Local administration of delta9-tetrahydrocannabinol attenuates capsaicin-induced thermal nociception in rhesus monkeys: a peripheral cannabinoid action

Abstract

Rationale: Cannabinoids can reduce nociceptive responses by acting on peripheral cannabinoid receptors in rodents.

Objectives: The study was conducted to evaluate the hypothesis that local administration of delta9-tetrahydrocannabinol (delta9-THC) can attenuate capsaicin-induced nociception in rhesus monkeys.

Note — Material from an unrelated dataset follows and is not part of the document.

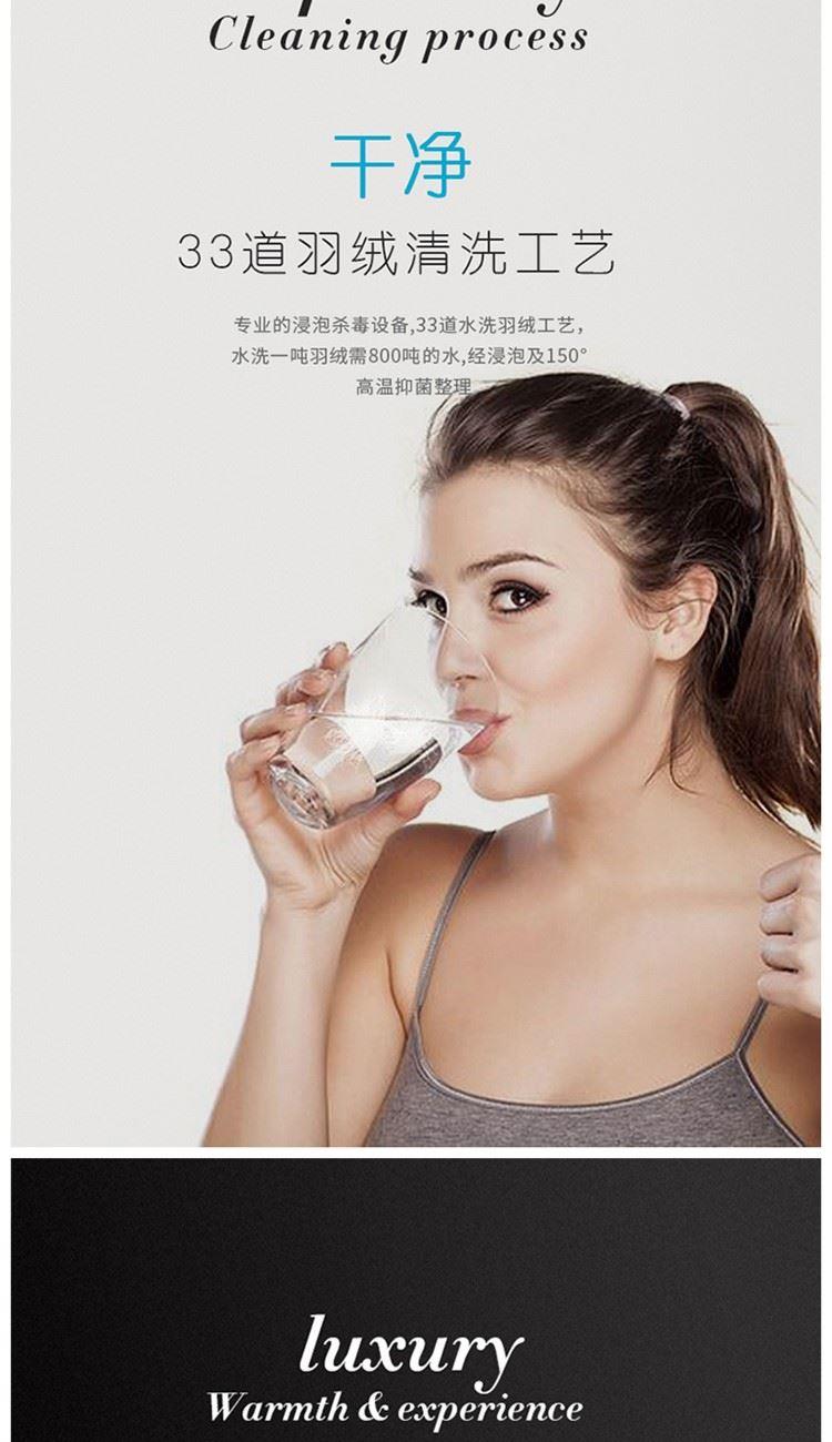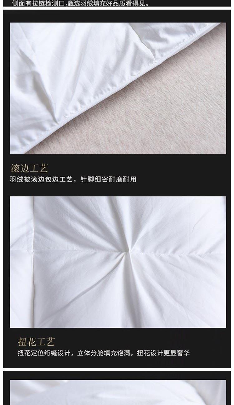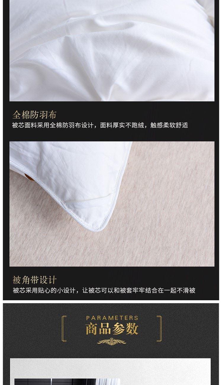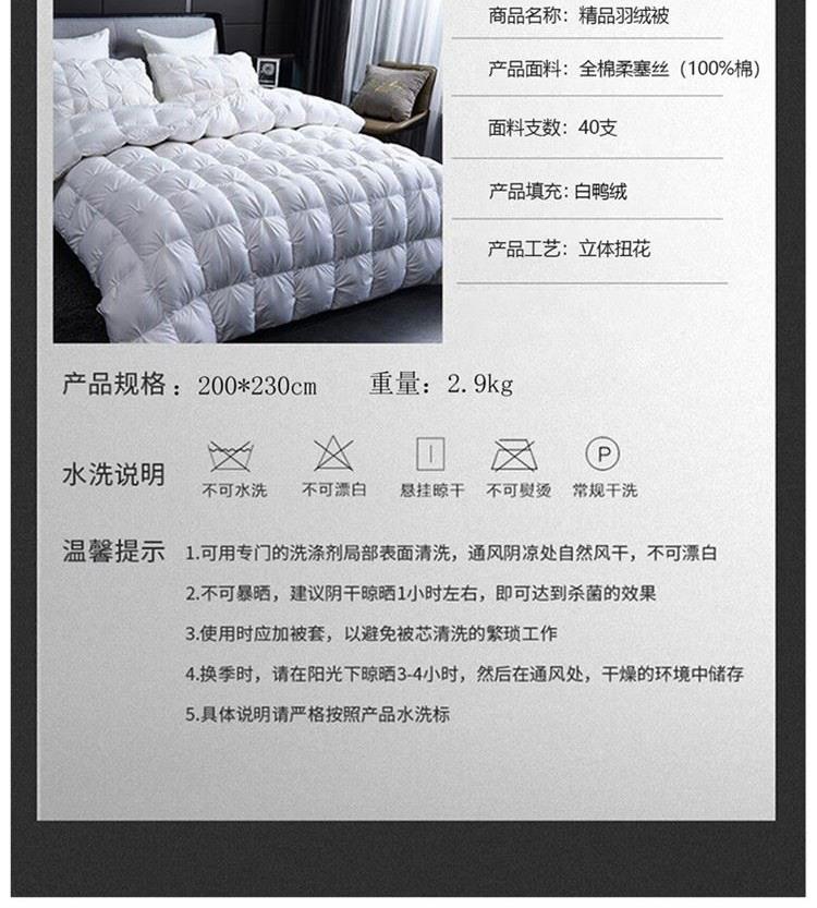 规格:200*230cm 填充:90鹅绒 面料:全棉柔塞丝(99%棉) 重量:2.9kg 1、全棉柔塞丝仿羽面料,细密编制工艺面料更厚,经久耐用。 2、90鹅绒毛填充制作,33道水洗工艺处理,健康无异味 3、扭花的被壳工艺,手感舒适面料细腻,无节点手感柔软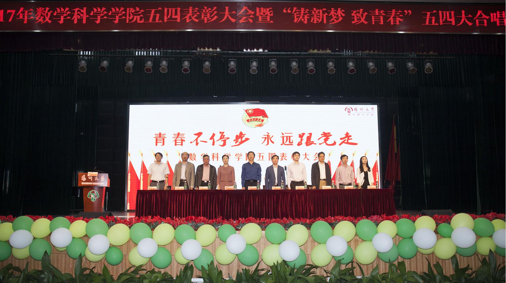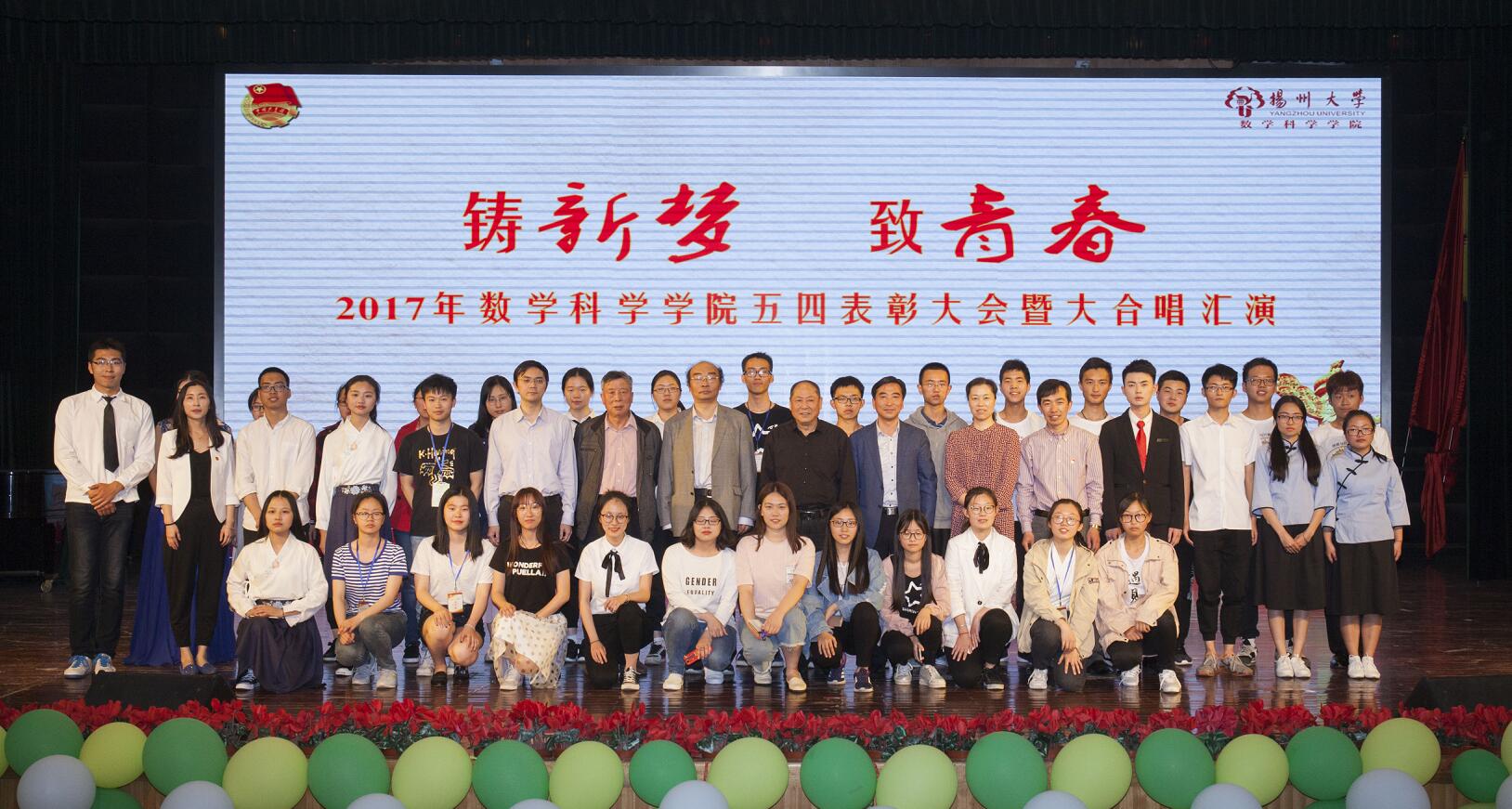 恰同学少年,风华正茂。数风流人物,还看今朝。5月7日下午,数学科学学院五四表彰大会暨“铸新梦致青春”五四大合唱汇演在扬州大学荷花池校区小剧场成功举行。

Methods: Capsaicin (100 microg) was applied locally in the tail of rhesus monkeys to evoke a nociceptive response, thermal allodynia, in normally innocuous 46 degrees C water. delta9-THC (10-320 microg) was coadministered with capsaicin in the tail to assess local antinociceptive effects. In addition, a local antagonism study was performed to confirm the selectivity of delta9-THC action.

Results: delta9-THC dose-dependently inhibited capsaicin-induced allodynia. This local antinociception was antagonized by small doses (10-100 microg) of the cannabinoid CB1 antagonist, SR141716A, applied in the tail. However, 100 microg SR141716A injected subcutaneously in the back did not antagonize local delta9-THC.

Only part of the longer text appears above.